One thing to be mentioned is that when we performed the power comparison, our proposed method used a constant value for parameter *k*_{1} (*k*_{1}=20), and the top *R* method and exponential weighting method used the optimal value of *R* and *r*_{1}, respectively. In practice, it is difficult to know the optimal values for *R* or *r*_{1}. The optimal value of *R* or *r*_{1} depends on multiple factors, for example, pedigree structure, marker LD, heritability, and so on. The optimal value is small in the absence of LD between SNPs. In the presence of LD, the optimal value of *R* or *r*_{1} could be much larger. To evaluate the effect of parameter *k*_{1} in our proposed method, we have conducted simulation studies for *k*_{1}=1, 5, 10, 20, 50, and 100. The simulation studies (results are not shown) showed that the results of our proposed method are very similar for different values of *k*_{1}, which means that our proposed method is relatively robust to different choices of *k*_{1}.

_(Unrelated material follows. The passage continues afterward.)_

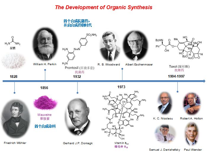 在合成化學上一個里程碑式的工作是1932年Domagk合成出第一類的抗生素的藥物,于我們大家非常熟悉的青霉素的發(fā)展還要早個近10年,作為首個合成藥物真正開啟了合成。在人類利用合成化學征服自然、改造自然的過程中,其中有很多里程碑式的工作,比如說像Woodward他完成了維生素B12非常復雜的工作。這標志著人類可以不依賴于生命體,制造出自然界中存在的最復雜的有機分子。但是在近期有很多制藥工業(yè)的發(fā)展依賴于合成化學。所以合成化學經(jīng)歷了將近兩百年的發(fā)展,為人類社會的文明起到了很大的推動作用。

In this study, we assumed consistent genetic effects across all ages. We realize that this assumption may not be true for some diseases, for example, childhood asthma *versus* adult asthma, childhood obesity *versus* adult obesity (see Lasky-Su *et al*^{19}). For the diseases in which the genetic effects are age dependent, we may need to incorporate age of onset into association tests. However, further analysis on how to incorporate age of onset into testing is needed.

This work was supported by National Institute of Health Grants R01 GM069940 and the Overseas-Returned Scholars Foundation of Department of Education of Heilongjiang Province (1152HZ01).

The authors declare no conflict of interest.